## [Exercise directions]
Copy the records below exactly, starting at the line that contains "凤头鹀:属小型鸣禽,体重21" and ending at the line that contains "3 g of protein"; leave out any pictures.

## [Input for this task]
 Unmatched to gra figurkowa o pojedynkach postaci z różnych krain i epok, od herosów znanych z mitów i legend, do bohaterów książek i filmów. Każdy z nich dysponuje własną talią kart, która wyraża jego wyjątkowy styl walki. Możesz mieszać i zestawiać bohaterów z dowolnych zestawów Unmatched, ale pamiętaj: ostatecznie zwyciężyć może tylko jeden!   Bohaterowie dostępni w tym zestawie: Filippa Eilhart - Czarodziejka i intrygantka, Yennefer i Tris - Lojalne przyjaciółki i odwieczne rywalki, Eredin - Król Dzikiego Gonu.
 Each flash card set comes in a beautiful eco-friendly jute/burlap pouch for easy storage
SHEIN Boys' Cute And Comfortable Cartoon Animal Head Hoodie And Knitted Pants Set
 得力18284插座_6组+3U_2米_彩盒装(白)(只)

--

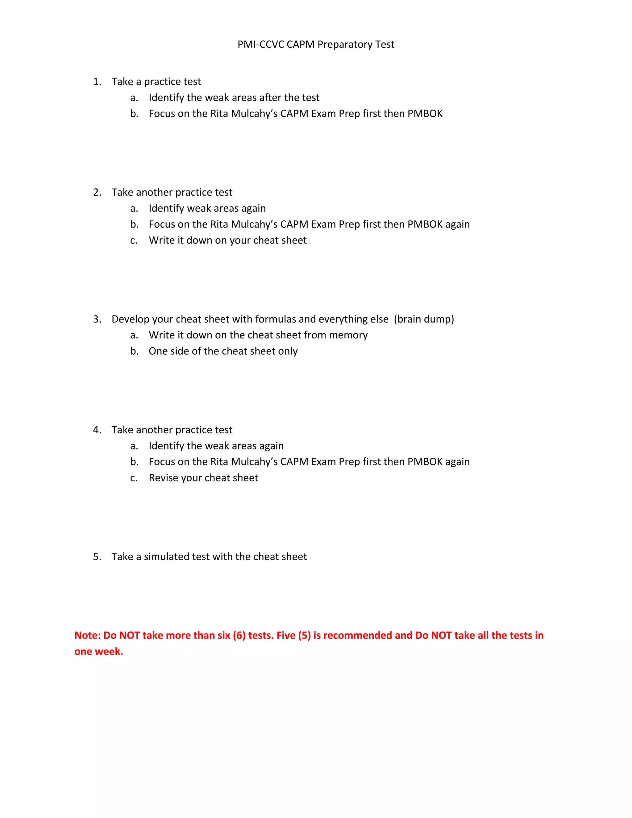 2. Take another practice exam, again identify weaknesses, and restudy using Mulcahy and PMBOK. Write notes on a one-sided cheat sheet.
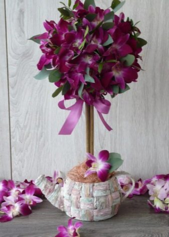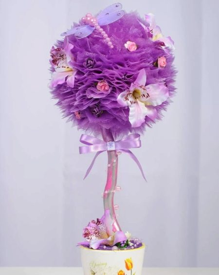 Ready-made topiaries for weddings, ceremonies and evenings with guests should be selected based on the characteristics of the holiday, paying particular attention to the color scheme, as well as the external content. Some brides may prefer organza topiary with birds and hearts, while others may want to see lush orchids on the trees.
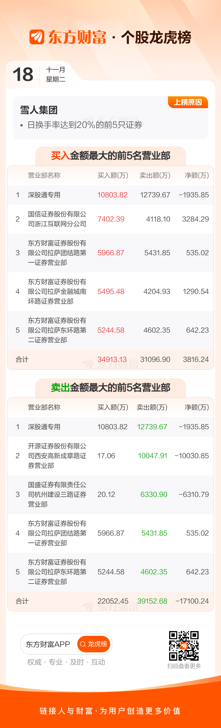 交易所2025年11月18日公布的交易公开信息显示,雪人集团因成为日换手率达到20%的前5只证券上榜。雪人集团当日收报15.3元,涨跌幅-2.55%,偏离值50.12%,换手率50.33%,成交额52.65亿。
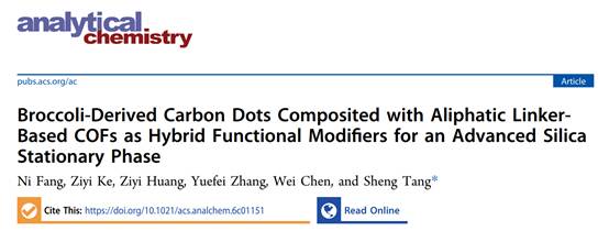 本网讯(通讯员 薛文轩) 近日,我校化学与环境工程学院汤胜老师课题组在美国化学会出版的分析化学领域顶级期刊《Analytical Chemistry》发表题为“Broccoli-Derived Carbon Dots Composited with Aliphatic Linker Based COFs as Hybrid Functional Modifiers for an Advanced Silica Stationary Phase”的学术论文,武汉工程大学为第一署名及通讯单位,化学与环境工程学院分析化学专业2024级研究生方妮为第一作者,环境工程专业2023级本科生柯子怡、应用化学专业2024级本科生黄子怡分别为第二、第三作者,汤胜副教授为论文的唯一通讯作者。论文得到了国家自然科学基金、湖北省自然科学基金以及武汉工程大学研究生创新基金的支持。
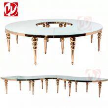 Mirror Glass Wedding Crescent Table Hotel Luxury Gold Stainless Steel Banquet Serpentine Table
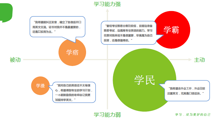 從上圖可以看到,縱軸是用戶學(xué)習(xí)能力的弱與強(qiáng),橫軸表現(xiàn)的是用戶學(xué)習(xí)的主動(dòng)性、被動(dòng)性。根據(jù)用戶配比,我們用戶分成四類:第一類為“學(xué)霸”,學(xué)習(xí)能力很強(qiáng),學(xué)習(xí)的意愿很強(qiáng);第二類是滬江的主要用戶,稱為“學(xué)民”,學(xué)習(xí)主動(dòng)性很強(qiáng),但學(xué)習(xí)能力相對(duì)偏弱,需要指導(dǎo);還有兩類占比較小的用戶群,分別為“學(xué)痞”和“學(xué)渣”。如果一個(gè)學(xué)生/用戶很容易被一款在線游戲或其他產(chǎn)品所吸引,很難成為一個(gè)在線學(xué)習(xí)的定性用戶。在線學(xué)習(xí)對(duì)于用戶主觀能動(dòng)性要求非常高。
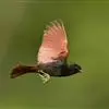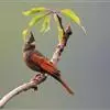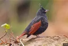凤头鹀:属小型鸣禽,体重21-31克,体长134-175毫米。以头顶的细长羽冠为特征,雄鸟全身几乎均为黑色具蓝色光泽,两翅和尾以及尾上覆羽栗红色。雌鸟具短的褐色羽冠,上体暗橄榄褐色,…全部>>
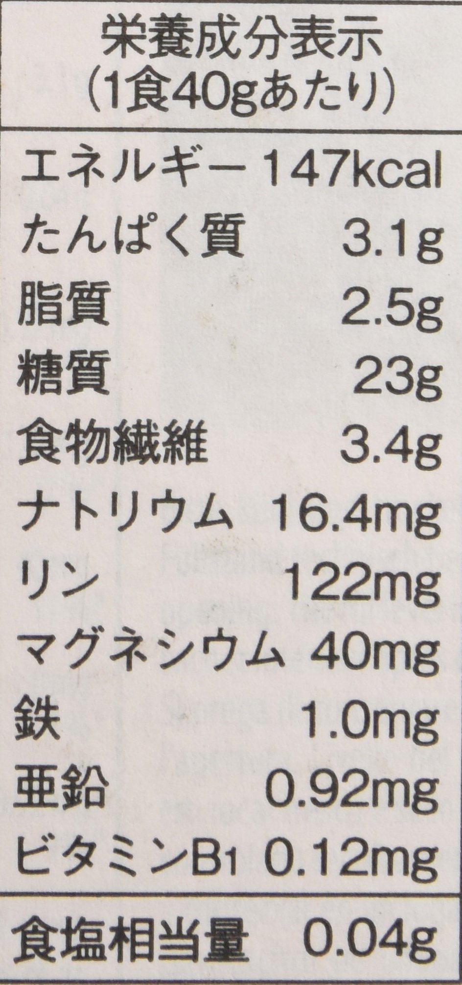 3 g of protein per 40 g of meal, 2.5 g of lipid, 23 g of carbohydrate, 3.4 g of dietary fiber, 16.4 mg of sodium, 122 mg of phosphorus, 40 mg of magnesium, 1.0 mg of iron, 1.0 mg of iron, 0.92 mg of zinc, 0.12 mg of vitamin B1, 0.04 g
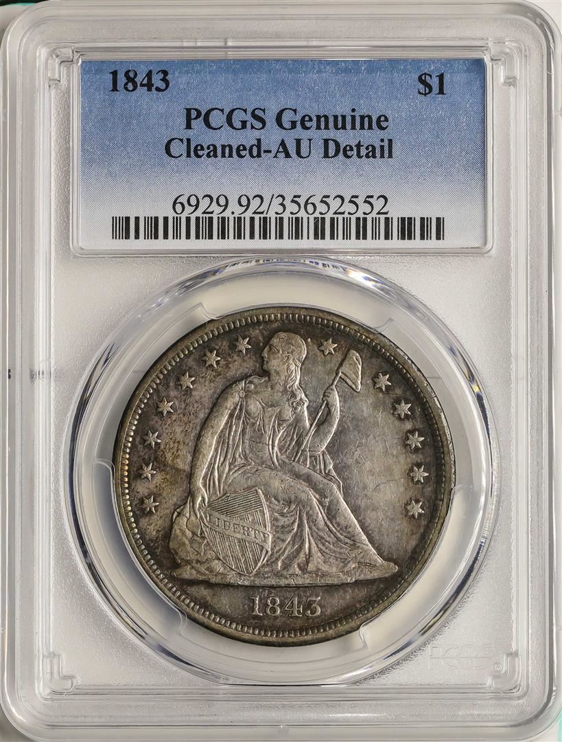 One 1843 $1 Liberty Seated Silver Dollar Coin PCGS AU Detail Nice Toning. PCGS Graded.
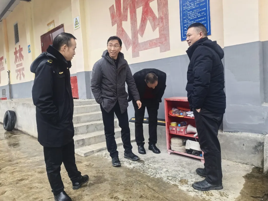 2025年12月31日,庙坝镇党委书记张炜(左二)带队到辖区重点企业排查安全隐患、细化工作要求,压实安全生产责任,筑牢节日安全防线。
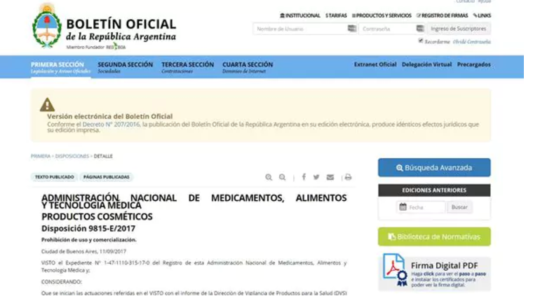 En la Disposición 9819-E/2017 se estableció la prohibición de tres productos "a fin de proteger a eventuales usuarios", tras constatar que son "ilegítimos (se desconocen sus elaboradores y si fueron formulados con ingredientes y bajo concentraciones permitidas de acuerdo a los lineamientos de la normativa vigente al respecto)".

==

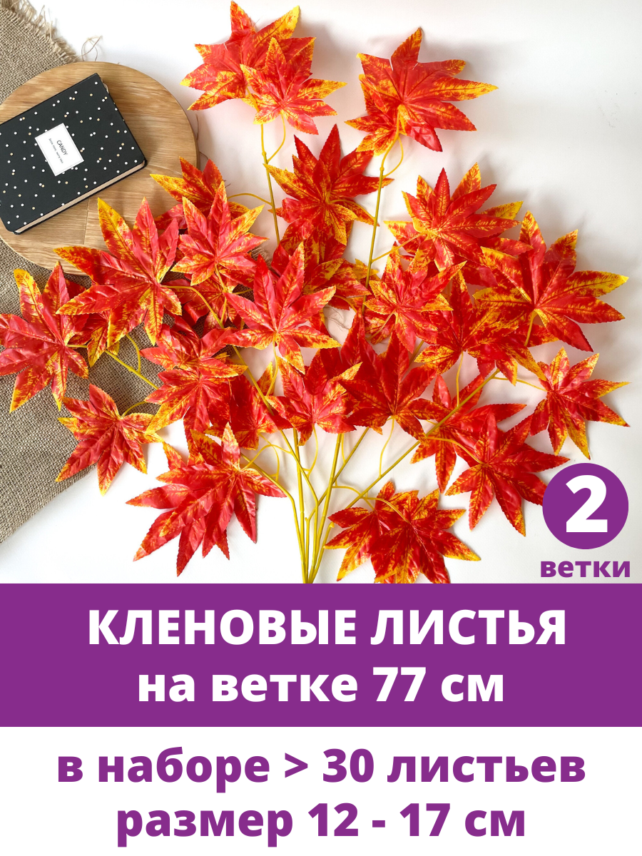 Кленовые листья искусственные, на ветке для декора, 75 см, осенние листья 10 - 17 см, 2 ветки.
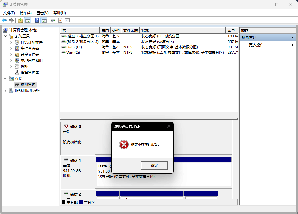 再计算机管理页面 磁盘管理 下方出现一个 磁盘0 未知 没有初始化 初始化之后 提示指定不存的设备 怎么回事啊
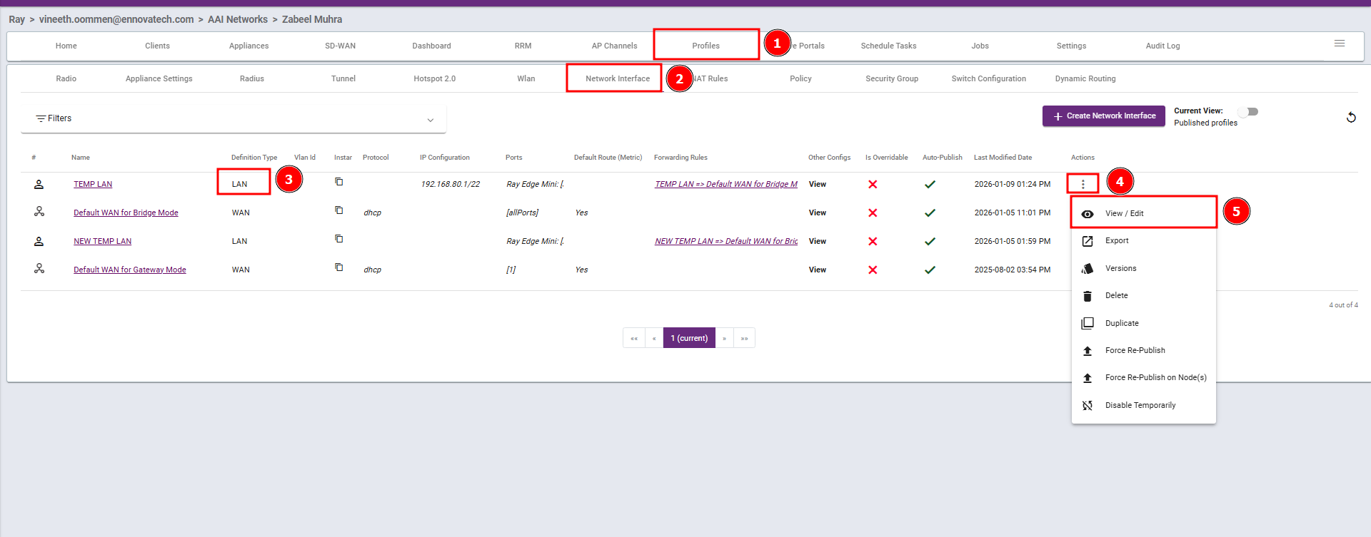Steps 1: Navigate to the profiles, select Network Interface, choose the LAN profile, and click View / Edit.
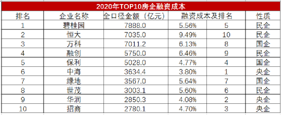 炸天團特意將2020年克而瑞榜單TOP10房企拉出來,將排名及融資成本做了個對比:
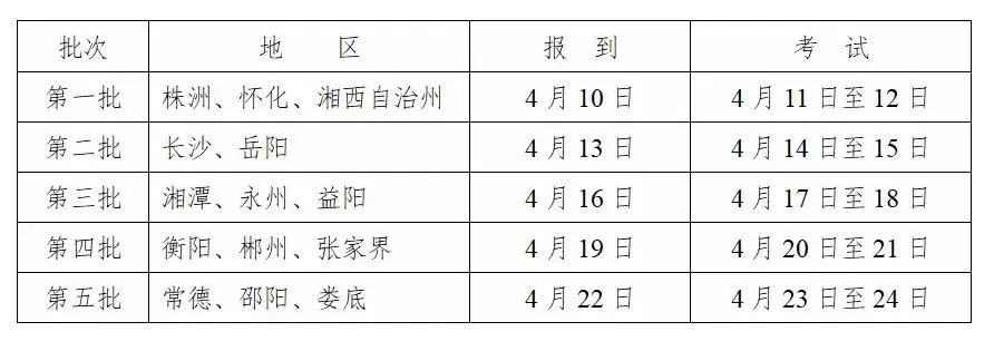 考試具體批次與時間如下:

## [Solved exercise]
凤头鹀:属小型鸣禽,体重21-31克,体长134-175毫米。以头顶的细长羽冠为特征,雄鸟全身几乎均为黑色具蓝色光泽,两翅和尾以及尾上覆羽栗红色。雌鸟具短的褐色羽冠,上体暗橄榄褐色,…全部>>
 3 g of protein per 40 g of meal, 2.5 g of lipid, 23 g of carbohydrate, 3.4 g of dietary fiber, 16.4 mg of sodium, 122 mg of phosphorus, 40 mg of magnesium, 1.0 mg of iron, 1.0 mg of iron, 0.92 mg of zinc, 0.12 mg of vitamin B1, 0.04 g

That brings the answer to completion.